Background: The popularity of running continues to increase, which means that the incidence of running-related injuries will probably also continue to increase. Little is known about risk factors for running injuries and whether they are sex-specific.
Objectives: The aim of this study was to review information about risk factors and sex-specific differences for running-induced injuries in adults.
Search strategy: The databases PubMed, EMBASE, CINAHL and Psych-INFO were searched for relevant articles.
Selection criteria: Longitudinal cohort studies with a minimal follow-up of 1 month that investigated the association between risk factors (personal factors, running/training factors and/or health and lifestyle factors) and the occurrence of lower limb injuries in runners were included.
Data collection and analysis: Two reviewers' independently selected relevant articles from those identified by the systematic search and assessed the risk of bias of the included studies. The strength of the evidence was determined using a best-evidence rating system. Sex differences in risk were determined by calculating the sex ratio for risk factors (the risk factor for women divided by the risk factor for men).
Main results: Of 400 articles retrieved, 15 longitudinal studies were included, of which 11 were considered high-quality studies and 4 moderate-quality studies. Overall, women were at lower risk than men for sustaining running-related injuries. Strong and moderate evidence was found that a history of previous injury and of having used orthotics/inserts was associated with an increased risk of running injuries. Age, previous sports activity, running on a concrete surface, participating in a marathon, weekly running distance (30-39 miles) and wearing running shoes for 4 to 6 months were associated with a greater risk of injury in women than in men. A history of previous injuries, having a running experience of 0-2 years, restarting running, weekly running distance (20-29 miles) and having a running distance of more than 40 miles per week were associated with a greater risk of running-related injury in men than in women.
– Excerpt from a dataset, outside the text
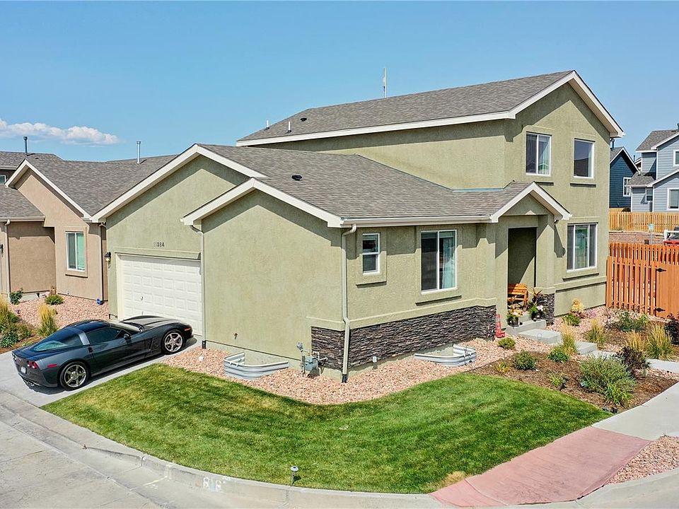 Immaculate 3-bed, 3-bath, 2 car garage, corner lot in the Desirable Courtyards at Woodmen Hills! This gorgeous and spacious two story home is a true pride of ownership. Built in 2017, this home is like new! Loft on upper level that can be converted into 4th bedroom if needed. Enjoy the outdoors maintenance free with xeriscape landscaping in the front and back. The HOA manages front yard maintenance, snow removal, and trash. The fully fenced backyard backs to community park and visitor parking. Beautiful modern kitchen with granite counter tops, island, all appliances included and a walkout onto the patio. Short driving distance from the city! Close to parks, trails, and shopping. The Water District gives you access to a fitness center, pools, and maintains parks and trails.

Conclusions: Previous injury and use of orthotic/inserts are risk factors for running injuries. There appeared to be differences in the risk profile of men and women, but as few studies presented results for men and women separately, the results should be interpreted with caution. Further research should attempt to minimize methodological bias by paying attention to recall bias for running injuries, follow-up time, and the participation rate of the identified target group.